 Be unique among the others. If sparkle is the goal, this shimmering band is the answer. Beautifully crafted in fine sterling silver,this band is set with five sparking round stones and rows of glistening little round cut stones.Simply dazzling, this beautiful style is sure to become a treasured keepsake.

=-=-=-=-=

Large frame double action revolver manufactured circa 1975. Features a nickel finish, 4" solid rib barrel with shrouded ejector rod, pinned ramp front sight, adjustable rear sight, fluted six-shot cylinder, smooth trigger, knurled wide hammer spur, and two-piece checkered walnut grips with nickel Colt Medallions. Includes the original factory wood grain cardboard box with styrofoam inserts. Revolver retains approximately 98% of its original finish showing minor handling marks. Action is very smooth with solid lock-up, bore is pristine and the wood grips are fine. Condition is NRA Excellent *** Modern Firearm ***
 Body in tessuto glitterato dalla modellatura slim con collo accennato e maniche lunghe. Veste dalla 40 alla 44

=-=-=-=-=

_REQUIRED WORK_
Would you report every line of the entries above containing the word "fine"?

_ANSWER TO THIS EXERCISE_
 Be unique among the others. If sparkle is the goal, this shimmering band is the answer. Beautifully crafted in fine sterling silver,this band is set with five sparking round stones and rows of glistening little round cut stones.Simply dazzling, this beautiful style is sure to become a treasured keepsake.
Large frame double action revolver manufactured circa 1975. Features a nickel finish, 4" solid rib barrel with shrouded ejector rod, pinned ramp front sight, adjustable rear sight, fluted six-shot cylinder, smooth trigger, knurled wide hammer spur, and two-piece checkered walnut grips with nickel Colt Medallions. Includes the original factory wood grain cardboard box with styrofoam inserts. Revolver retains approximately 98% of its original finish showing minor handling marks. Action is very smooth with solid lock-up, bore is pristine and the wood grips are fine. Condition is NRA Excellent *** Modern Firearm ***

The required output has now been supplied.